▸ **Goal of the exercise**
A faithful copy is needed of the lines below from the one with "Sterling Silver Peace" up to and including the one with "人間工学 テレワーク gift"; set it down with no pictures and no other lines.

==== Data records ====

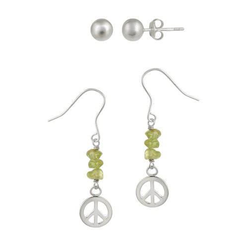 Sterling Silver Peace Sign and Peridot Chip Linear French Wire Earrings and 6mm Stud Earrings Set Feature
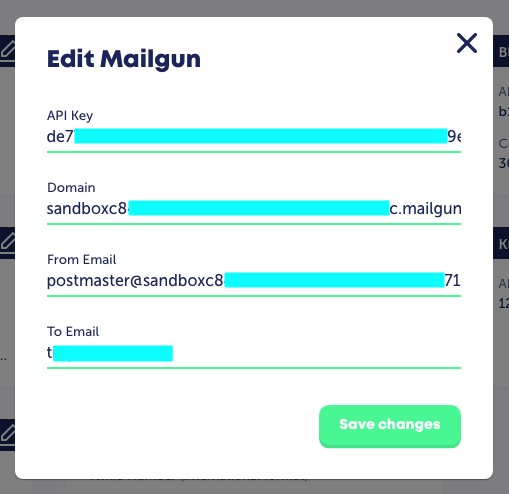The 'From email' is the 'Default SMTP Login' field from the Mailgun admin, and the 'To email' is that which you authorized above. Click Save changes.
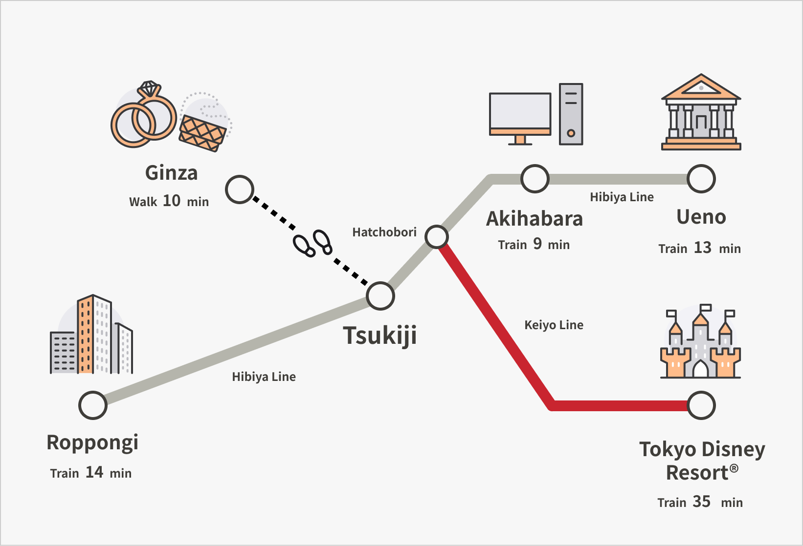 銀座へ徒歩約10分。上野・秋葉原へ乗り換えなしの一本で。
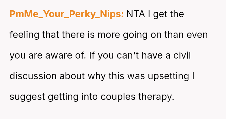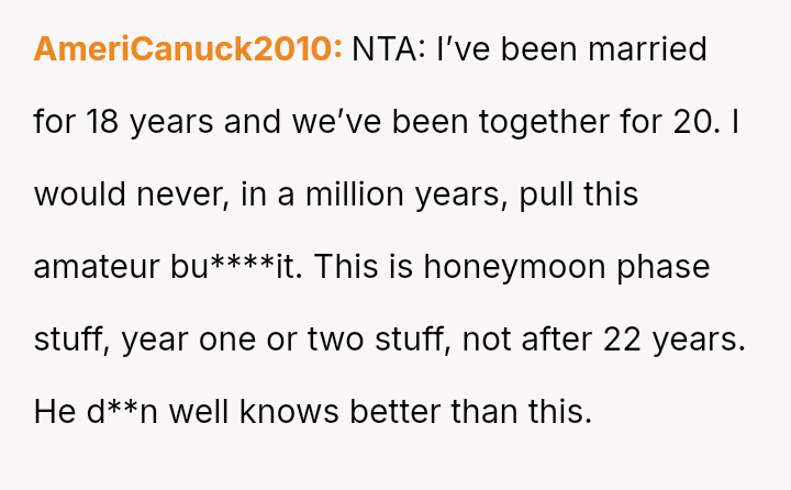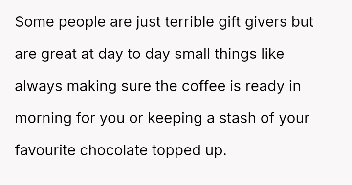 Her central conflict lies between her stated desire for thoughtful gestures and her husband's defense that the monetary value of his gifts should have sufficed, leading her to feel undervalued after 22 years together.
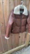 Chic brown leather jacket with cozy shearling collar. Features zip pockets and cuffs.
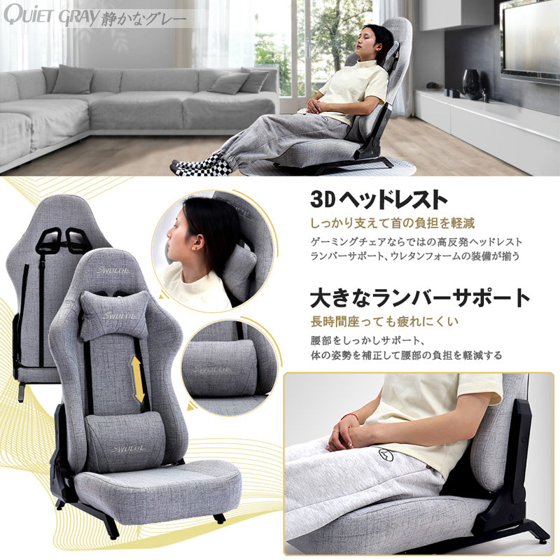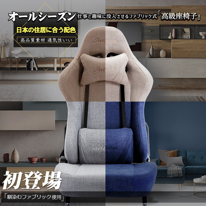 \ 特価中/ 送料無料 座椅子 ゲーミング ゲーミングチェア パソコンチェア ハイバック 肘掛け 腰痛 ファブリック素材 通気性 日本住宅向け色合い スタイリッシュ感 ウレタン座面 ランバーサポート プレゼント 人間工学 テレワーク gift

====
==== Data records ====

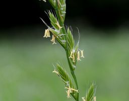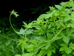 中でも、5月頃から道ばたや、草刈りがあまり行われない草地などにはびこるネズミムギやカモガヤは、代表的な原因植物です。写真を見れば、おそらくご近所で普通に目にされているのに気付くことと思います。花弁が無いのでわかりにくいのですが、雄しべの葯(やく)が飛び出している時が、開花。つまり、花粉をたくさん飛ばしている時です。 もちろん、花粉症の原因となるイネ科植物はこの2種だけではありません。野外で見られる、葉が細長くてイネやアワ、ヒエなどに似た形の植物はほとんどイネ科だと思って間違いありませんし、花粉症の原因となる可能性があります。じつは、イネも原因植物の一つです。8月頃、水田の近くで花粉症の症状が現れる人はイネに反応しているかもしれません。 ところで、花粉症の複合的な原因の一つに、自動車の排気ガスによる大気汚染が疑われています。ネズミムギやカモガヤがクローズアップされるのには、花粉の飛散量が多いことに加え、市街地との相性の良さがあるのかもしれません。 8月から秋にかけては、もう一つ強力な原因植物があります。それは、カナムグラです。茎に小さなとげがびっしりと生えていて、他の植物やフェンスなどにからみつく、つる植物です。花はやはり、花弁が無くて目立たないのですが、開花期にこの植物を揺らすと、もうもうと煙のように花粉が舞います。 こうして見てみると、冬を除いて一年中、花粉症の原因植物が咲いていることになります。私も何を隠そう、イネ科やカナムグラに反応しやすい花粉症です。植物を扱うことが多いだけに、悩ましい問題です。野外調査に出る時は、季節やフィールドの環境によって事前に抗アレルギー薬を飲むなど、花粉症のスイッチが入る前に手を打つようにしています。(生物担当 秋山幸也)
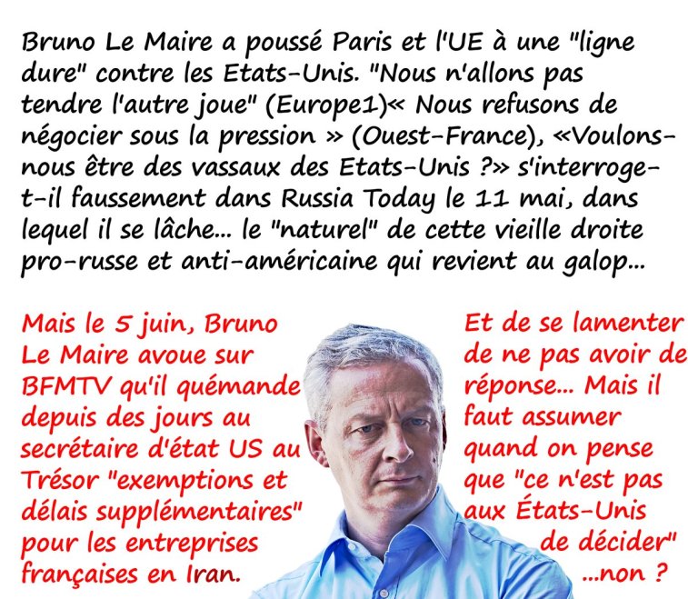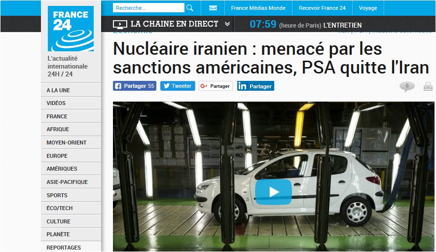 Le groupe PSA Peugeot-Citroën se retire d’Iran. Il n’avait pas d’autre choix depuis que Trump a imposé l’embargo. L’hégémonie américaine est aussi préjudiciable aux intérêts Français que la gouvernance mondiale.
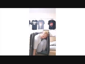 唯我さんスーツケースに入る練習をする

====

▸ **Answer to the problem**
 Sterling Silver Peace Sign and Peridot Chip Linear French Wire Earrings and 6mm Stud Earrings Set Feature
The 'From email' is the 'Default SMTP Login' field from the Mailgun admin, and the 'To email' is that which you authorized above. Click Save changes.
 銀座へ徒歩約10分。上野・秋葉原へ乗り換えなしの一本で。
 Her central conflict lies between her stated desire for thoughtful gestures and her husband's defense that the monetary value of his gifts should have sufficed, leading her to feel undervalued after 22 years together.
 Chic brown leather jacket with cozy shearling collar. Features zip pockets and cuffs.
 \ 特価中/ 送料無料 座椅子 ゲーミング ゲーミングチェア パソコンチェア ハイバック 肘掛け 腰痛 ファブリック素材 通気性 日本住宅向け色合い スタイリッシュ感 ウレタン座面 ランバーサポート プレゼント 人間工学 テレワーク gift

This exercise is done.